(Recorded data begins)

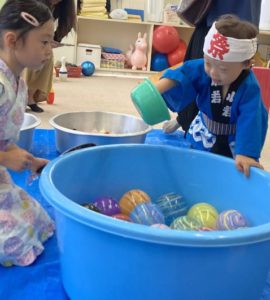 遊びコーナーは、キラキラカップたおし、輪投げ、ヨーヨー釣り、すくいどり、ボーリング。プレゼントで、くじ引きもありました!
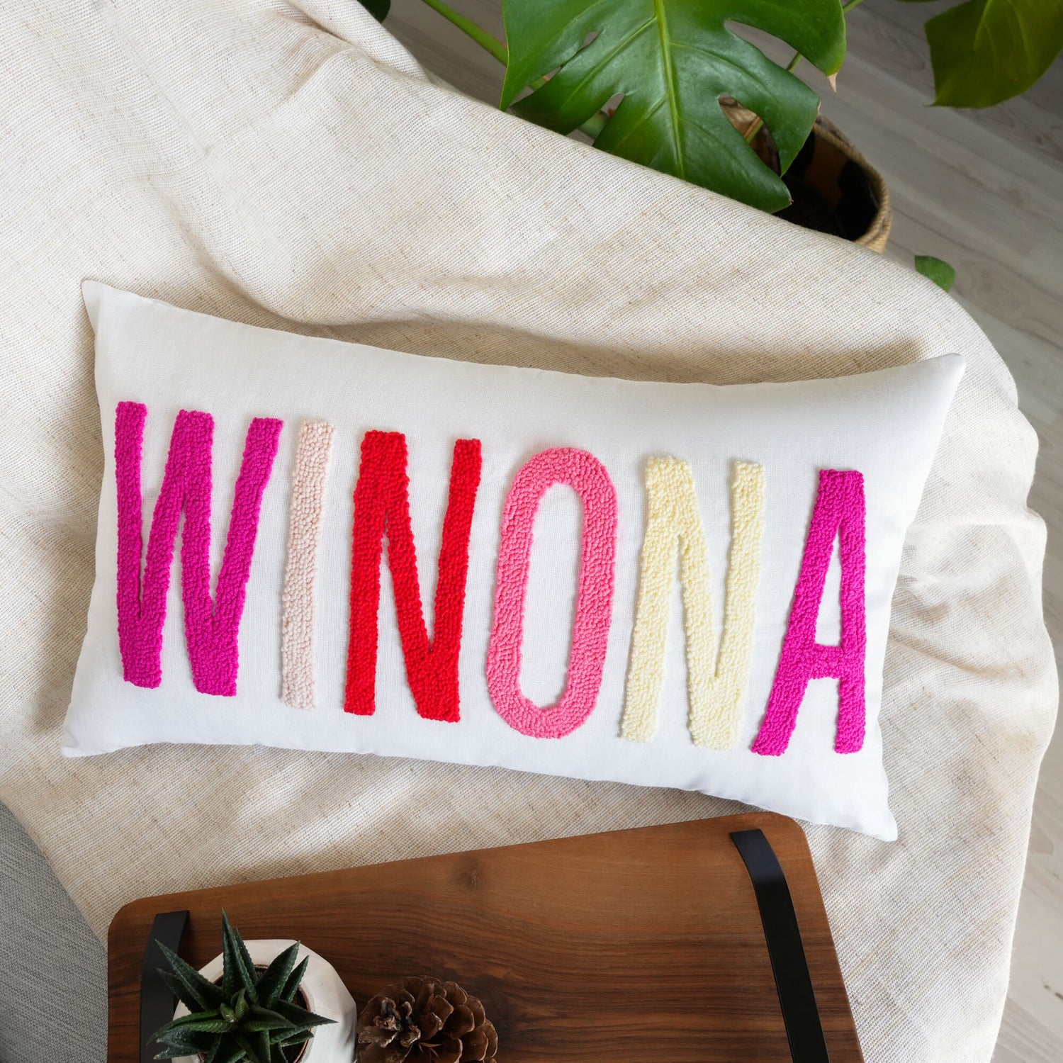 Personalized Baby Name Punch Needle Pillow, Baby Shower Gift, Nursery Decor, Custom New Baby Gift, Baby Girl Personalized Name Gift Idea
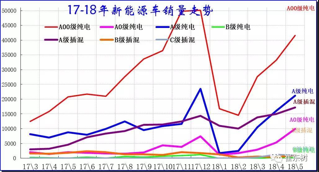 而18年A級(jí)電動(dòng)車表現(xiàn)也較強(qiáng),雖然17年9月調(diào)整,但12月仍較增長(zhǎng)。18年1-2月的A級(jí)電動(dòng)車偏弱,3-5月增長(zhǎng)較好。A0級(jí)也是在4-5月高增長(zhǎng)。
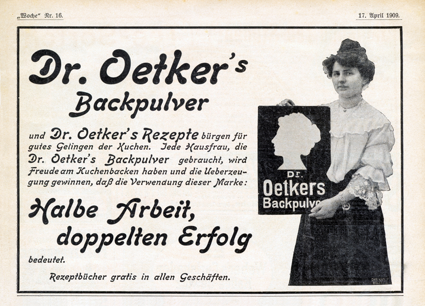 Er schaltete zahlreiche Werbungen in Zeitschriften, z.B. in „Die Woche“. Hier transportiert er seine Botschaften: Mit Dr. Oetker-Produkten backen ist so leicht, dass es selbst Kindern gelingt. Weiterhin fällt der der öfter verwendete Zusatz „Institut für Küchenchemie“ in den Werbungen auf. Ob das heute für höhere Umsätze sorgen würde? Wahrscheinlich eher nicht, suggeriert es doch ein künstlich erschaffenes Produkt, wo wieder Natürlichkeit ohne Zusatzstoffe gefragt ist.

(Recorded data ends)

[Task directions]: Beginning with the line that holds "Personalized Baby Name", write out exactly the lines down to the end of the material above, and no others. Pictures are not part of the copy.

[Expected answer]:
 Personalized Baby Name Punch Needle Pillow, Baby Shower Gift, Nursery Decor, Custom New Baby Gift, Baby Girl Personalized Name Gift Idea
 而18年A級(jí)電動(dòng)車表現(xiàn)也較強(qiáng),雖然17年9月調(diào)整,但12月仍較增長(zhǎng)。18年1-2月的A級(jí)電動(dòng)車偏弱,3-5月增長(zhǎng)較好。A0級(jí)也是在4-5月高增長(zhǎng)。
 Er schaltete zahlreiche Werbungen in Zeitschriften, z.B. in „Die Woche“. Hier transportiert er seine Botschaften: Mit Dr. Oetker-Produkten backen ist so leicht, dass es selbst Kindern gelingt. Weiterhin fällt der der öfter verwendete Zusatz „Institut für Küchenchemie“ in den Werbungen auf. Ob das heute für höhere Umsätze sorgen würde? Wahrscheinlich eher nicht, suggeriert es doch ein künstlich erschaffenes Produkt, wo wieder Natürlichkeit ohne Zusatzstoffe gefragt ist.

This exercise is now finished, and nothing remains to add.